Try it.
Reproduce exactly, and only, the lines of the material below running from the line bearing "Мегакрутий спортивний костюм" through the line bearing "搞笑漫画:老婆骑着男装摩托车". Leave any pictures out.

Supplied entries.

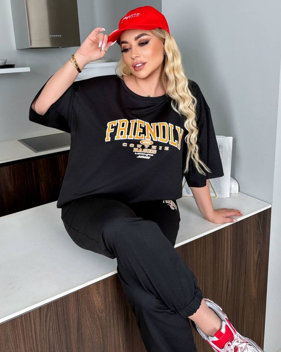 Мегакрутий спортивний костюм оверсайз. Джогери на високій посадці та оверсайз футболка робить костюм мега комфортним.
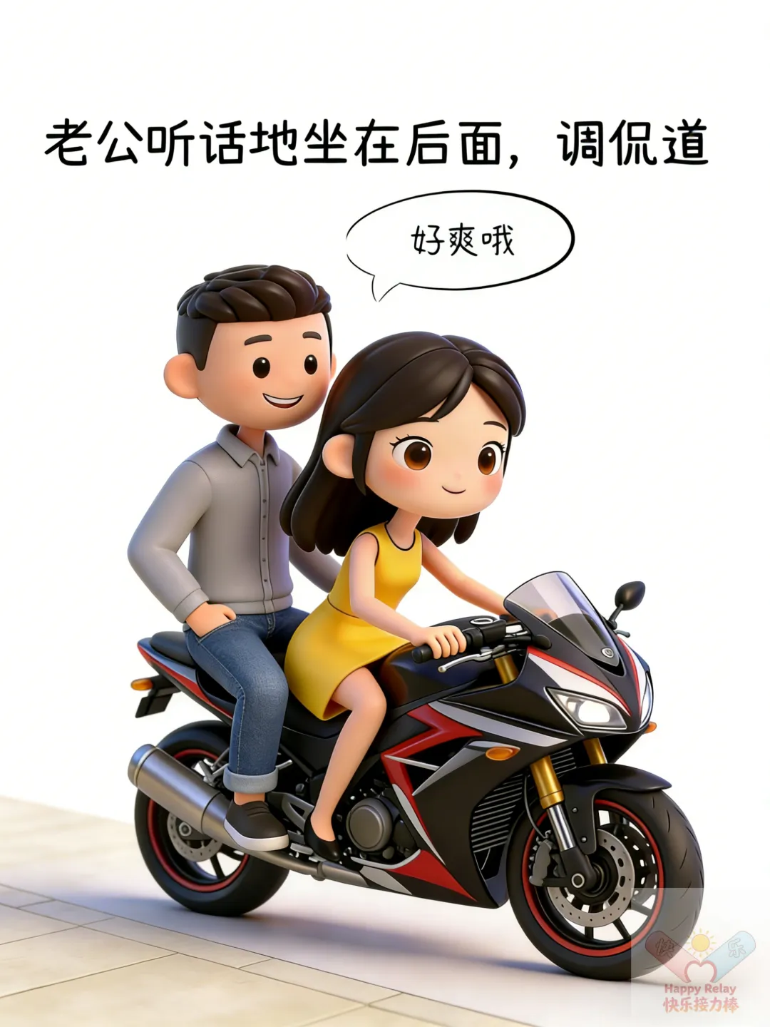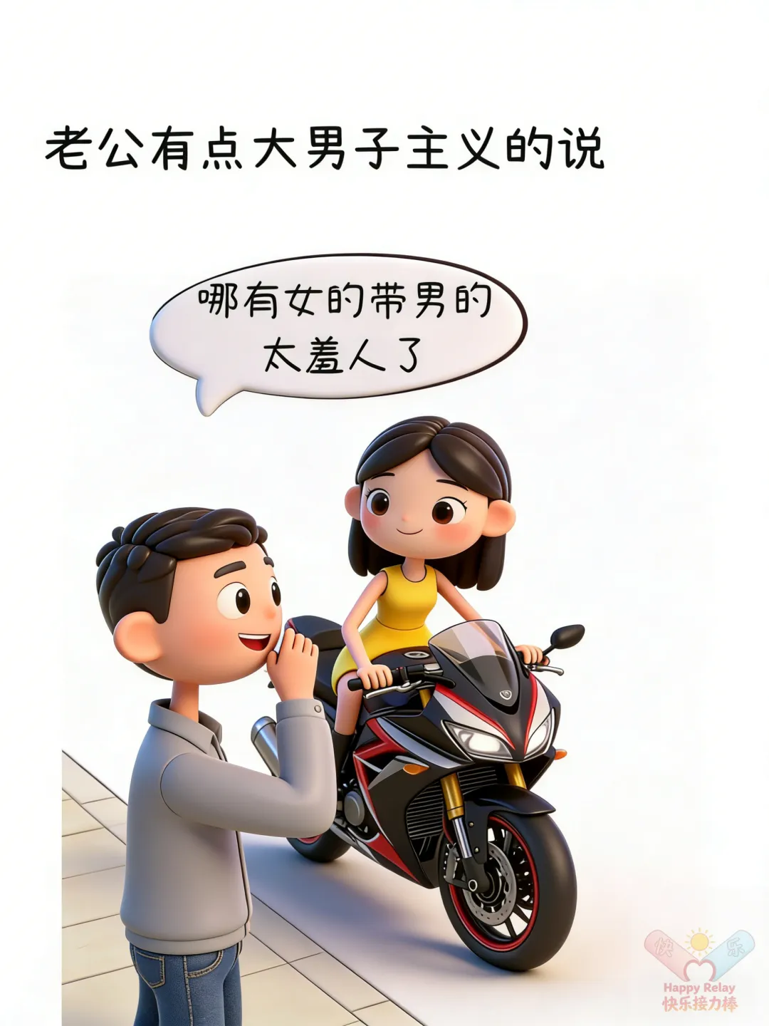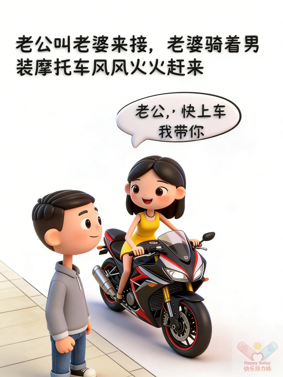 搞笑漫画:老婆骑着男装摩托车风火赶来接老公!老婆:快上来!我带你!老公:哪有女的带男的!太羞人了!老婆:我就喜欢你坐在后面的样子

---

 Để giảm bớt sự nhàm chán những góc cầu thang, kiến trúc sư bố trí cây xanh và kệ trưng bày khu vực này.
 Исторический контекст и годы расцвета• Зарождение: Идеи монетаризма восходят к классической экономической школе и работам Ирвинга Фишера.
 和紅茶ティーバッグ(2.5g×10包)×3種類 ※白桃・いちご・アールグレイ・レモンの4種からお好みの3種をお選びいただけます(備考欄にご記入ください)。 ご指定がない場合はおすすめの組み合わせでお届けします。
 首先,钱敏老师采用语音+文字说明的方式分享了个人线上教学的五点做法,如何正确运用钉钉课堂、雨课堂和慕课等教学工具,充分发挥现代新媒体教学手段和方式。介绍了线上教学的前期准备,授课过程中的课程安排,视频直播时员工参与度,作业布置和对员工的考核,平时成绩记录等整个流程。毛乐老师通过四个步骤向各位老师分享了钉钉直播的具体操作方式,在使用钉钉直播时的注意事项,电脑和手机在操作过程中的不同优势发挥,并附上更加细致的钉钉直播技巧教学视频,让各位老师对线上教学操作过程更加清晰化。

Solved problem.
 Мегакрутий спортивний костюм оверсайз. Джогери на високій посадці та оверсайз футболка робить костюм мега комфортним.
 搞笑漫画:老婆骑着男装摩托车风火赶来接老公!老婆:快上来!我带你!老公:哪有女的带男的!太羞人了!老婆:我就喜欢你坐在后面的样子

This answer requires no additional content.